Der Ton zwischen Berlin und Washington dürfte wieder freundlicher werden. Doch politische Freundlichkeit ersetzt keine strategische Klarheit. Die zentrale Frage bleibt: Wie positioniert sich Deutschland im neuen globalen Kräftemessen zwischen den USA und China?
Die USA und China – Rivalität mit System
Die Spannungen zwischen den Vereinigten Staaten und China sind kein neues Phänomen. Bereits unter George W. Bush und Barack Obama wurde Chinas Aufstieg als Bedrohung der amerikanischen Vormachtstellung betrachtet. Die wirtschaftliche Expansion, die militärische Modernisierung und der globale Einfluss durch die „Neue Seidenstraße“ – all das verändert die geopolitische Lage.
Besonders deutlich zeigt sich Chinas Selbstbewusstsein im Konflikt mit Taiwan und den Gebietsansprüchen im Südchinesischen Meer. Hinzu kommen wachsende Investitionen in Europa, Afrika und Asien – und ein zunehmender technischer Vorsprung in Zukunftsbranchen wie Künstliche Intelligenz oder Telekommunikation.
Die USA reagieren mit strategischem Gegendruck. Der militärische Fokus verschiebt sich Richtung Asien-Pazifik, die Konfrontation wird offener, der Ton schärfer – und unter Biden nicht leiser.
Deutschlands wirtschaftliche Abhängigkeit von China
Für Deutschland bedeutet die amerikanisch-chinesische Rivalität ein Dilemma. China ist Deutschlands wichtigster Handelspartner – noch vor den USA. Der bilaterale Außenhandel erreichte 2019 über 200 Milliarden Euro. Deutsche Unternehmen wie VW, Siemens oder BASF sind massiv im chinesischen Markt engagiert.
Zugleich sind die transatlantischen Beziehungen politisch und sicherheitstechnisch weiterhin das Fundament deutscher Außenpolitik. Die USA bleiben wichtigster Partner im NATO-Bündnis und größter Anbieter strategischer Sicherheit in Europa.
Die Frage, die sich Deutschland stellen muss, ist daher brisant: Mit wem geht man, wenn es hart auf hart kommt?
Politischer Druck aus Washington – freundlich, aber bestimmt
Schon die Debatte um den chinesischen Netzwerkausrüster Huawei zeigte, wie massiv die USA Einfluss nehmen. Mike Pompeo, Trumps Außenminister, drohte Deutschland indirekt mit dem Ende der Geheimdienstkooperation, sollte Huawei beim Ausbau des 5G-Netzes zum Zug kommen.

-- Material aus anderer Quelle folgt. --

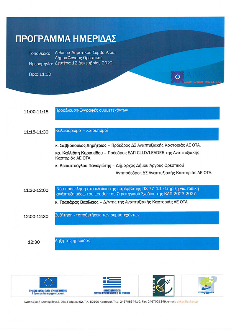 η Αναπτυξιακή Καστοριάς ΑΕ ΟΤΑ σας προσκαλεί σε εκδήλωση διαβούλευσης για την υποβολή πρότασης από την ΑΝΚΑΣ για την επιλογή Στρατηγικών Τοπικής Ανάπτυξης με πρωτοβουλία Τοπικών Κοινοτήτων, στο πλαίσιο της παρέμβασης Π3-77-4.1 «Στήριξη για τοπική ανάπτυξη μέσω του Leader του Στρατηγικού Σχεδίου της ΚΑΠ 2023-2027,

Auch unter Biden wird dieser Druck nicht verschwinden – er wird lediglich diplomatischer vorgetragen. Doch das Ziel bleibt gleich: Die USA erwarten von ihren Partnern klare Positionen in der Systemfrage – freiheitlich-demokratisch oder autoritär-staatsgelenkt?
Der strategische Handlungsbedarf Deutschlands
Deutschland kann nicht länger zwischen zwei Stühlen sitzen. Die kommenden Jahre erfordern:
1. Eine ehrliche Sicherheitsdebatte
- Welche Rolle will Deutschland in der NATO spielen?
- Reichen 2 % Verteidigungsausgaben aus, wenn die USA eine strategische Unterstützung im Asien-Pazifik-Raum fordern?
2. Eine klare Technologiepolitik
- Wie geht man mit chinesischen Konzernen im Bereich Telekommunikation, Künstliche Intelligenz und Cloud-Infrastruktur um?
3. Ein realistischer Umgang mit China
- Wirtschaftlicher Partner ja – aber unter welchen Bedingungen?
- Wie reagiert Deutschland auf Menschenrechtsverletzungen oder aggressives Verhalten Chinas in der Nachbarschaft?
4. Stärkere europäische Koordination
- Deutschland muss seine China-Politik stärker mit der EU abstimmen.
- Eine gemeinsame europäische Position gibt mehr Gewicht und schützt vor bilateraler Erpressbarkeit.
Fazit
Die Präsidentschaft Joe Bidens bietet Deutschland eine neue Chance auf Vertrauen, Respekt und Dialog mit den USA. Doch sie entbindet nicht von der Pflicht zur strategischen Positionierung. Die Frage lautet nicht mehr, ob es einen Systemkonflikt gibt – sondern nur noch, wie man darin handelt.
Deutschland braucht deshalb eine außen- und sicherheitspolitische Erneuerung. Wer die eigene Zukunft gestalten will, darf nicht nur reagieren – sondern muss klare Prinzipien vertreten. Denn eines ist sicher: Neutralität im neuen globalen Wettbewerb wird keine dauerhafte Option sein.